The Kindle-Reading Social Media Army Is Coming…
27 May 2011, Sara Linfoot
The way everyone of us reads and responds to a story, book or a newspaper article is different. I think American Psycho describes an utterly compelling fantasist, while my friend found the unrelenting lists…well, tedious But the point is we were happy to argue about it for ages.
In May 2011, Amazon announced it had sold more Kindles in the previous 12 months than paper or hardback books. With this rapid change (the Kindle was launched in November 2007), comes a revolution in reading. The Kindle is opening a whole new way to connect across the web, sharing what you love to read with a very exclusive group.
I can lend a Kindle book to another Kindle friend very easily, for 14 days and with no extra charge from Amazon.com. Sites like lendle.me allow US Kindlers to earn a small fee by lending books for free to other tablet users, using Amazon.com’s API.

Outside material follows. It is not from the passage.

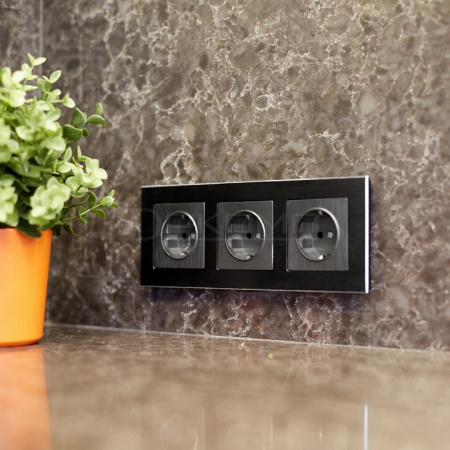Накладка для розетки с заземлением и 2хUSB графит рифленый W1179504

But discovering another reader’s thoughts on a particular passage through a ‘highlight’ in a Kindle book creates a completely new connection. I can tell my followers on Twitter about the books and passages I find useful, making a very personal link to people I may not know but have a very specific shared interest with.

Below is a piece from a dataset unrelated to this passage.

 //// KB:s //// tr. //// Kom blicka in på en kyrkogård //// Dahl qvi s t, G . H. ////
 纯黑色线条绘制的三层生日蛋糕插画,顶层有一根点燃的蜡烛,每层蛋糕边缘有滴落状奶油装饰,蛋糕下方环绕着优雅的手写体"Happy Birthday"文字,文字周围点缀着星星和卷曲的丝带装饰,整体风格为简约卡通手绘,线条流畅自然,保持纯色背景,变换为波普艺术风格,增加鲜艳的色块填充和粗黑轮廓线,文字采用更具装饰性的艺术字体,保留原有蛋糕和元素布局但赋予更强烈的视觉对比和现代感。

Will other people’s view of what they like, hate or just found interesting in a book change the way that I’ll read it? Undoubtedly.
This, of course, is all grist to the mill for Amazon. Building a Kindle community who actively debate what’s hot and not is a great way to drive sales too. Spreading the Kindle brand out across the web and knittting it into Twitter, Facebook, etc al is a great piece of positioning, awareness and marketing. Along with the ad supported business model, the hardware barrier is going to get ever lower.
Making the Kindle device cheaper for those who want it and letting users share books and thoughts for free will ultimately be a positive for Amazon – and change the way we read forever.